(Task prompt):
No pictures belong in the copy. Retype exactly, and only, the stretch of lines below from the one with "युके अवस्थित द" through the one with "Cat Medicine A".
##### Given data
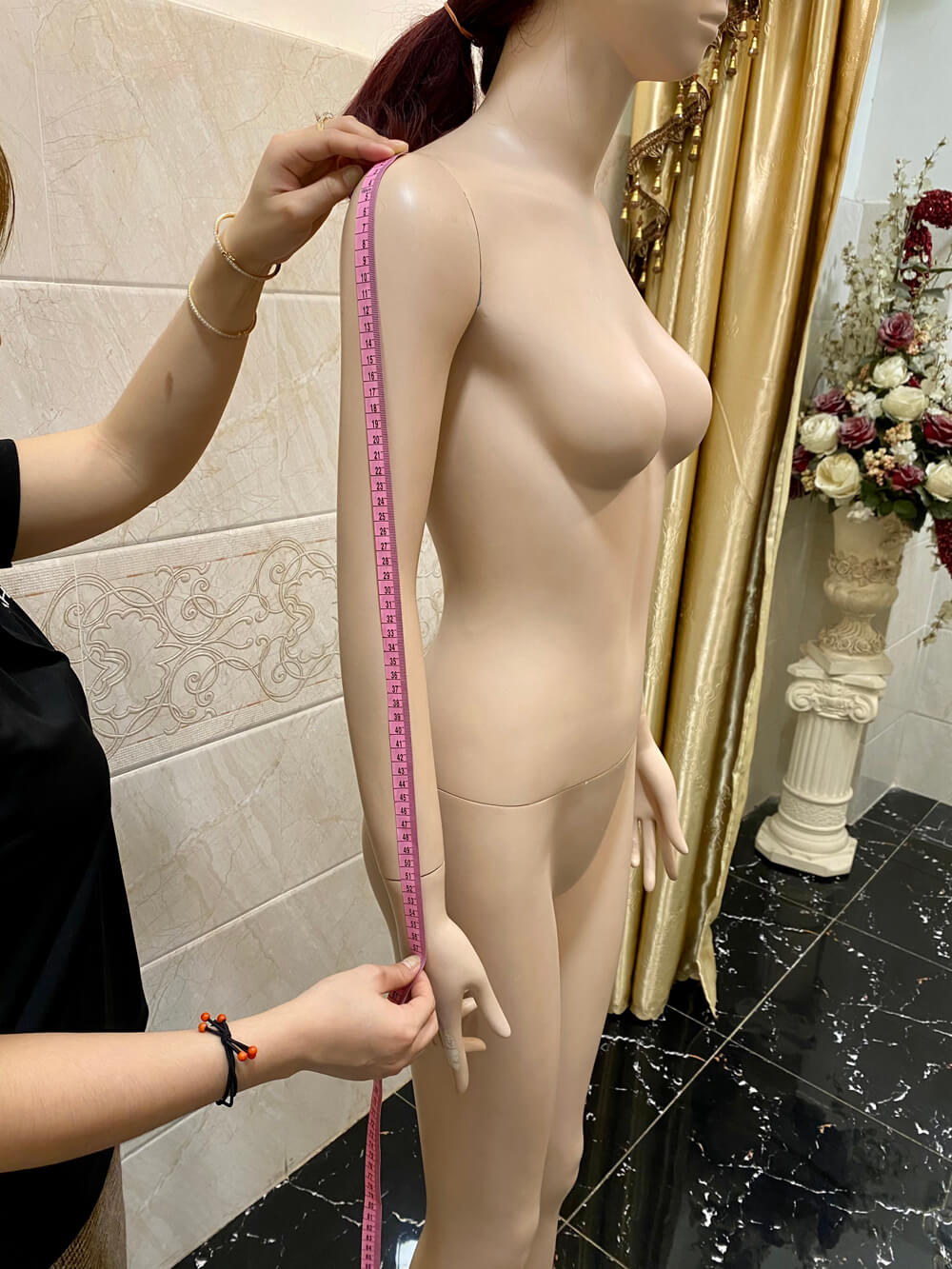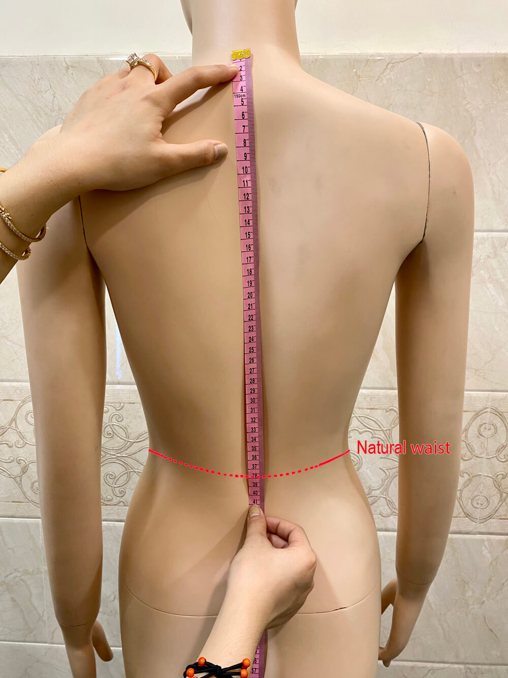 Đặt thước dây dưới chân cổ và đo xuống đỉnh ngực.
##########
##### Given data
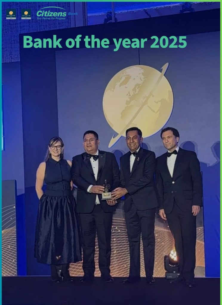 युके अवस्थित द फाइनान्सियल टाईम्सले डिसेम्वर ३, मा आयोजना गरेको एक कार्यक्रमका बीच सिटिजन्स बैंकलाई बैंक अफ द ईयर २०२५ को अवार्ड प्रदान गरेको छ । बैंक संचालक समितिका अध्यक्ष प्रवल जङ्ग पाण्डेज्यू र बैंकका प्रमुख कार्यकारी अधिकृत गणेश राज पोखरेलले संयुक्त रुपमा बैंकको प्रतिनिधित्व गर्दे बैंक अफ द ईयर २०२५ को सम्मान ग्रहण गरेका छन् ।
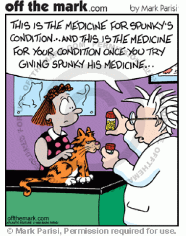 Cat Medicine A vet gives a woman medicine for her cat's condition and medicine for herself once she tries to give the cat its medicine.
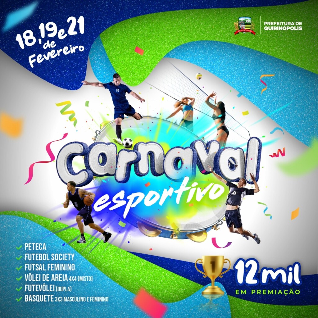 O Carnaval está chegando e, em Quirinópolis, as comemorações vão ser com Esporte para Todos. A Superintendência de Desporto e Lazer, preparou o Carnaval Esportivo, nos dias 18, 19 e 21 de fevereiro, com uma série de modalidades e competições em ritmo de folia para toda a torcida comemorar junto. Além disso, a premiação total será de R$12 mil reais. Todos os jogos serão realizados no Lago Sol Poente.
##########
##### Given data
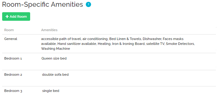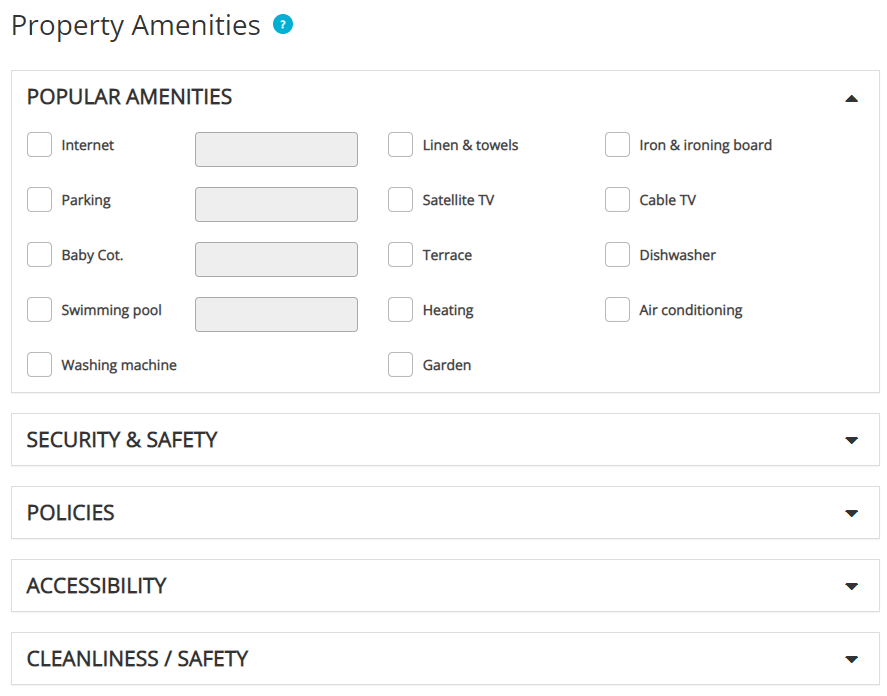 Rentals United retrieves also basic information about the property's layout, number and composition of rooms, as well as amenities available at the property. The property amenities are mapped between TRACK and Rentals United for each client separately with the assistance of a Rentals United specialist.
##########
(Solution to this task):
 युके अवस्थित द फाइनान्सियल टाईम्सले डिसेम्वर ३, मा आयोजना गरेको एक कार्यक्रमका बीच सिटिजन्स बैंकलाई बैंक अफ द ईयर २०२५ को अवार्ड प्रदान गरेको छ । बैंक संचालक समितिका अध्यक्ष प्रवल जङ्ग पाण्डेज्यू र बैंकका प्रमुख कार्यकारी अधिकृत गणेश राज पोखरेलले संयुक्त रुपमा बैंकको प्रतिनिधित्व गर्दे बैंक अफ द ईयर २०२५ को सम्मान ग्रहण गरेका छन् ।
 Cat Medicine A vet gives a woman medicine for her cat's condition and medicine for herself once she tries to give the cat its medicine.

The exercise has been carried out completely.